X-Wing, TIE Fighter, Under a Killing Moon, Myst


----------



## DanLatimer (Aug 12, 2005)

do you remember those little games you would buy on 3.5" floppies at dollar stores, I LOVED those when i was young, I used to  go get one with my allounce every week... memmmorrrieeesss liikkee thhee coorrnnerss off myy miiinnddd... hahaha


----------



## DCIScouts (Aug 12, 2005)

I never had a computer when I was younger, but I used to play on my brother-in-law's whenever I had the chance...

Number Munchers (used to go in to school with my dad during the summer and play this in the computer lab on the school computers, got really good at that)
Master of Orion 2
One of the early Might and Magic games, don't really remember which...
Starcraft
Warcraft
Some Star Trek game that I can't remember the name to...


----------



## Geoff (Aug 12, 2005)

well, technically i am still a "kid", but when i was younger i used to play motocross madness trial, monster truck madness, really noting else seeing that nothing else would run on the computer.


----------



## flame1117 (Aug 12, 2005)

Keen, Check out the sig!


----------



## spidermonkey2oo5 (Aug 12, 2005)

i got into Comand & Conquer series ,battle arena toshindin,wipeout,final fantasy


----------



## Professor (Aug 12, 2005)

It was all about the Worms and Red Alert.


----------



## samstokes (Feb 10, 2007)

When I was really young, I played games such as Castle Adventure, Bouncing Babies, Test Drive (the old EGA version), Flightmare, Tetris.

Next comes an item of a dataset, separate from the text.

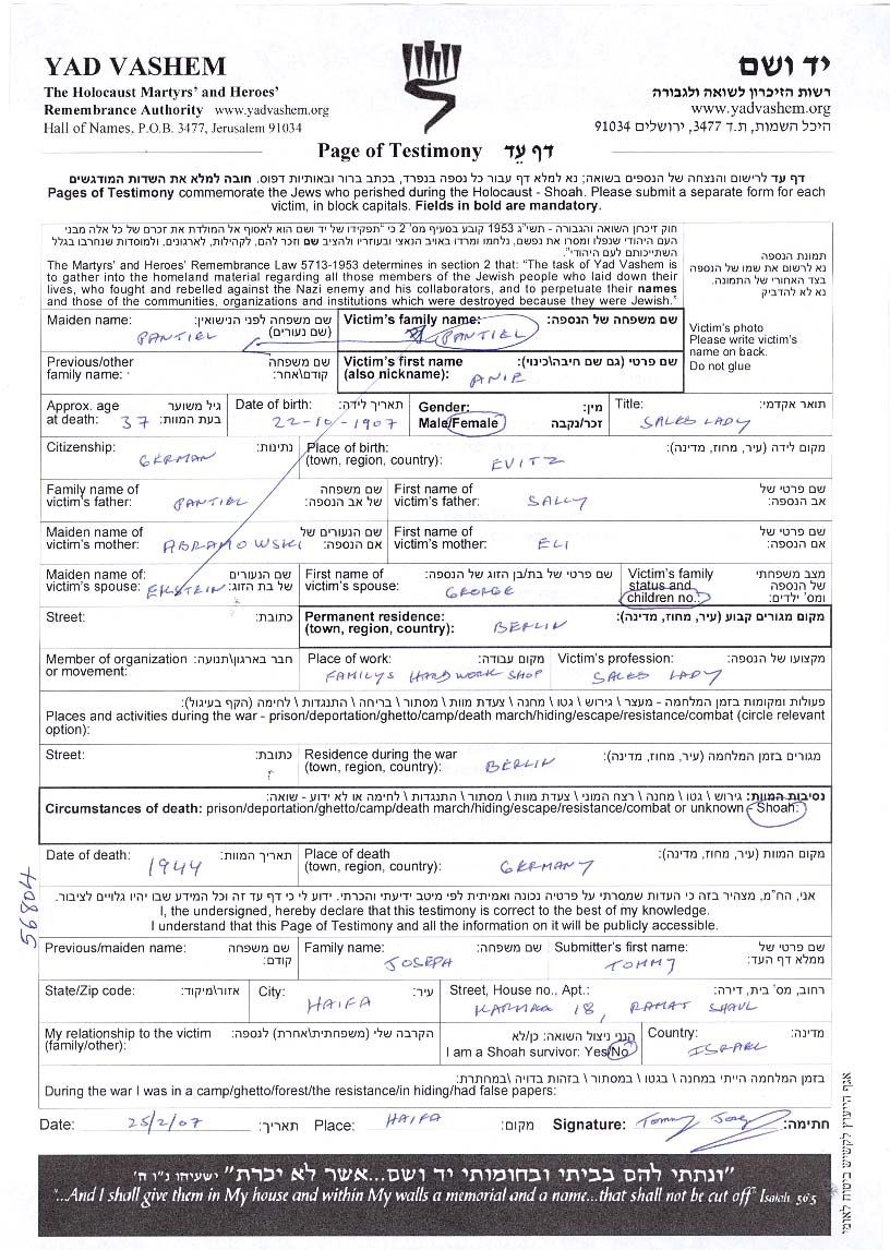 Ana Eckstein was born in Iwiec, Poland, 1907. She was a housewife. Prior to WWII she lived in Preussisch Friedland, Germany. Ana was murdered in the Shoah. Place of death: unstated place, 1944.

When I was a little bit older . . . Captain Comic, Commander Keen

And in high school, King's Quest VI, Robin Hood : Conquest of the Longbow, Wing Commander

To name a few.


----------



## cuffless (Feb 10, 2007)

red alert, sims, motocross madness, aoe 1 and hitman


----------



## Kornowski (Feb 10, 2007)

I only really started playing PC games when I was about 11, the first where the original Doom and Worms.


----------



## alexandergre (Feb 10, 2007)

Wolfenstein was a great game. i remember it very well. 
aslo Sim City 
i have the cd right now.


----------



## salman (Feb 10, 2007)

The first ever PC game i played was Populous iv: The beggining, when i was about nine years old (i'm 15 now) even now i think it probably was and still is one of the best strategy games i've ever played.


----------



## Wiens (Feb 10, 2007)

Cowboys and indians, matchbox, hot wheels, Tonka trucks and toys, motocross, bmx..... oh wait they weren't politically correct!

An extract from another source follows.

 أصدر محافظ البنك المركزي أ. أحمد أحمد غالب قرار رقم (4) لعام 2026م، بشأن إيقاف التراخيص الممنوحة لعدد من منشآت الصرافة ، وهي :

Didn't have a computer until 15 years ago when I was in the late 20's.  First computer game was Wolfenstein, Duke Nukem and the variations of that theme.  Also any shareware game I could find on the local dial-up BBS.  Also enjoyed Sim City and the early versions of Abacus/MS Flight Simulator and other flight/fighter games.  I did program an "arcade" game in high school on their Commodore 64 computer in 1980.  Still have the Memorex tape it was recorded on.  Don't miss those days!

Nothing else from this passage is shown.